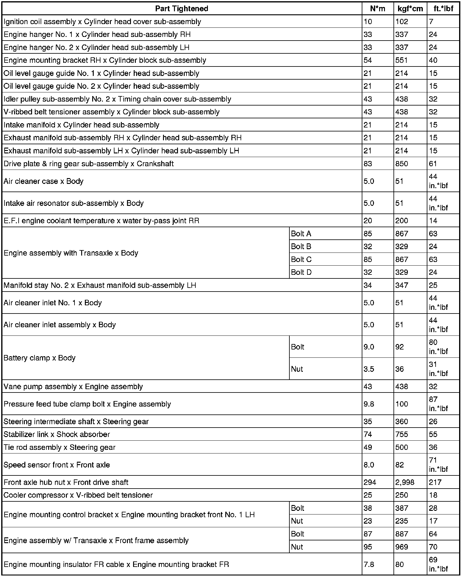 Torque Specifications
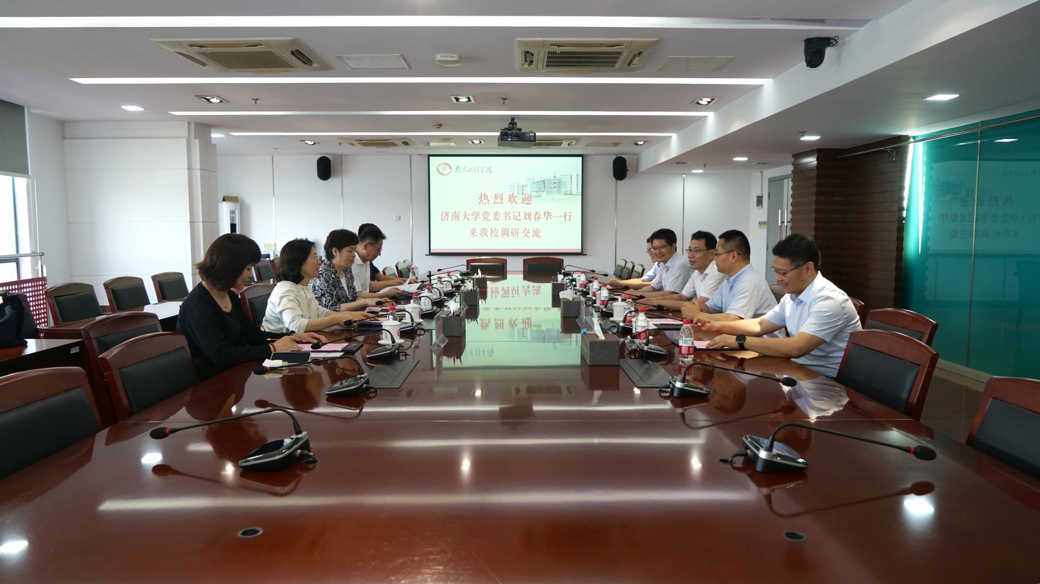 7月23日下午,济南大学党委书记刘春华,副校长陈月辉,党委常委、副校长王霞一行来校调研交流。我校党委副书记、校长张仰飞在至勤楼·行政中心北楼303会议室热情接待了来宾。党委常委、副校长陆华良、朱松青参加座谈会。
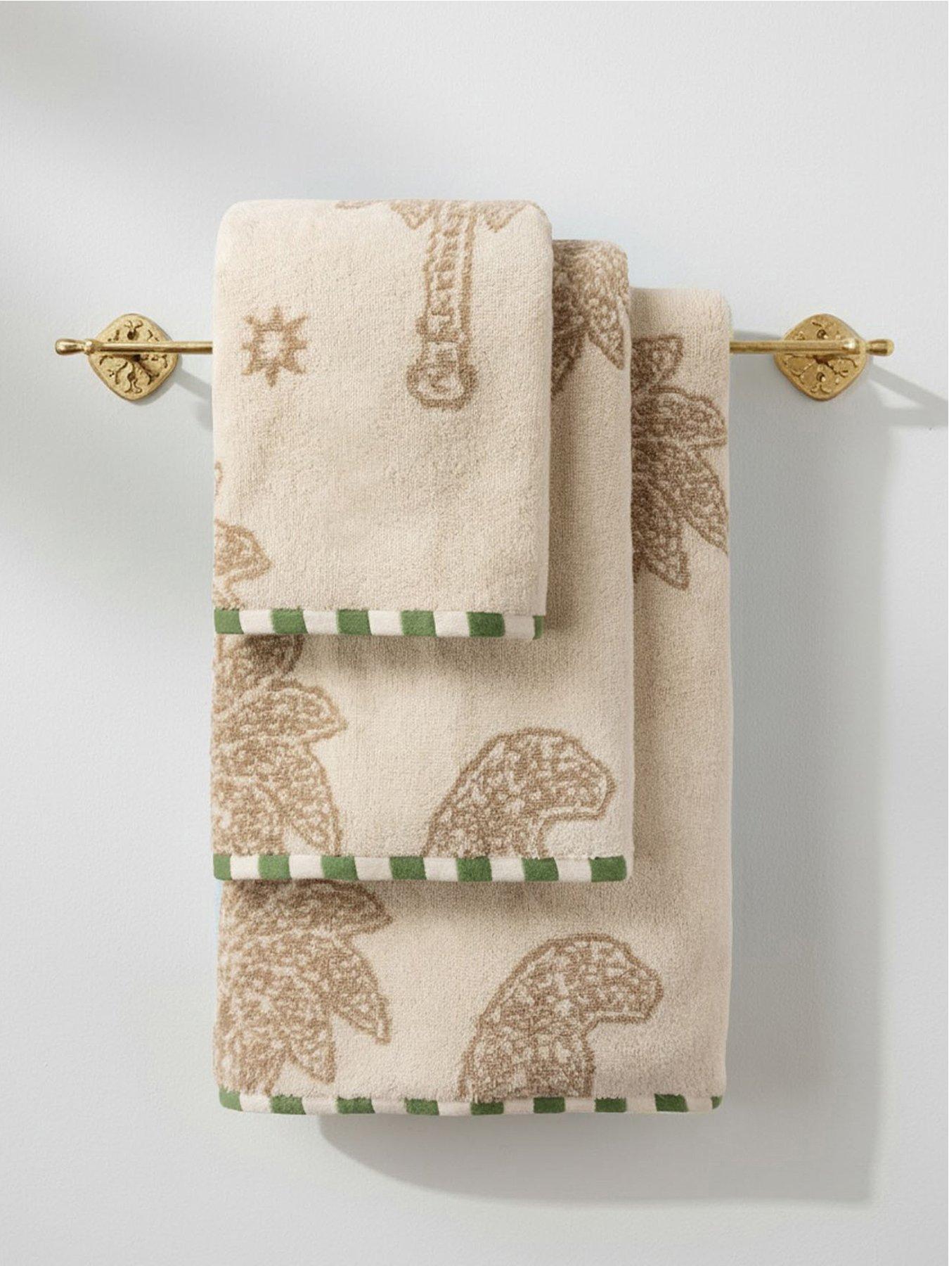 CHELSEA PEERS Cotton Midnight Leopard Print Taupe Towel Collection Wrap yourself in playful sophistication with our Midnight Leopard Print Towel - Taupe. One side features a taupe backdrop adorned with cream embroidered illustrations of moons, stars, palm trees, and our iconic Chelsea Peers leopards, evoking an elegant dreamscape. Flip it over to reveal the inverted palette for a striking, refined contrast. Finished with green and white striped edging for a pop of colour and contemporary accent. Crafted from soft, absorbent 100% cotton, this towel blends practicality with elevated charm, bringing a touch of luxury to your everyday routine. Material Content: 100% Cotton Washing Instructions: Machine Washable
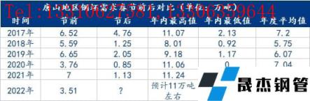 2021年鋼坯價格全年價格雖處于近三年高位水平,但因原燃料價格的持續攀高,唐山普方坯調研毛利均寬幅調整,均值約為380元/噸。而12月份以來價格剛剛扭虧為盈,無縫厚壁鋼管廠家仍存挺價情緒。另外由于環保限產30-50%帶來的實際成本上升120元/噸左右。據統計:截至1月27日,唐山地區主流樣本無縫厚壁鋼管廠家平均鐵水不含稅成本為3230元/噸,平均鋼坯含稅成本4261元/噸,周環比上調54元/噸,與目前普方坯出廠價格4500元/噸相比,無縫厚壁鋼管廠家平均毛利潤239元/噸。鋼坯利潤低位,無縫厚壁鋼管廠家挺價意愿較強,且節后原燃料市場預期向好,鋼坯成本端存在有力支撐。

────────────────────────────────────────

(Task directions):
Print out the complete listing above exactly, dropping each image.

(Response):
 Torque Specifications
 7月23日下午,济南大学党委书记刘春华,副校长陈月辉,党委常委、副校长王霞一行来校调研交流。我校党委副书记、校长张仰飞在至勤楼·行政中心北楼303会议室热情接待了来宾。党委常委、副校长陆华良、朱松青参加座谈会。
 CHELSEA PEERS Cotton Midnight Leopard Print Taupe Towel Collection Wrap yourself in playful sophistication with our Midnight Leopard Print Towel - Taupe. One side features a taupe backdrop adorned with cream embroidered illustrations of moons, stars, palm trees, and our iconic Chelsea Peers leopards, evoking an elegant dreamscape. Flip it over to reveal the inverted palette for a striking, refined contrast. Finished with green and white striped edging for a pop of colour and contemporary accent. Crafted from soft, absorbent 100% cotton, this towel blends practicality with elevated charm, bringing a touch of luxury to your everyday routine. Material Content: 100% Cotton Washing Instructions: Machine Washable
 2021年鋼坯價格全年價格雖處于近三年高位水平,但因原燃料價格的持續攀高,唐山普方坯調研毛利均寬幅調整,均值約為380元/噸。而12月份以來價格剛剛扭虧為盈,無縫厚壁鋼管廠家仍存挺價情緒。另外由于環保限產30-50%帶來的實際成本上升120元/噸左右。據統計:截至1月27日,唐山地區主流樣本無縫厚壁鋼管廠家平均鐵水不含稅成本為3230元/噸,平均鋼坯含稅成本4261元/噸,周環比上調54元/噸,與目前普方坯出廠價格4500元/噸相比,無縫厚壁鋼管廠家平均毛利潤239元/噸。鋼坯利潤低位,無縫厚壁鋼管廠家挺價意愿較強,且節后原燃料市場預期向好,鋼坯成本端存在有力支撐。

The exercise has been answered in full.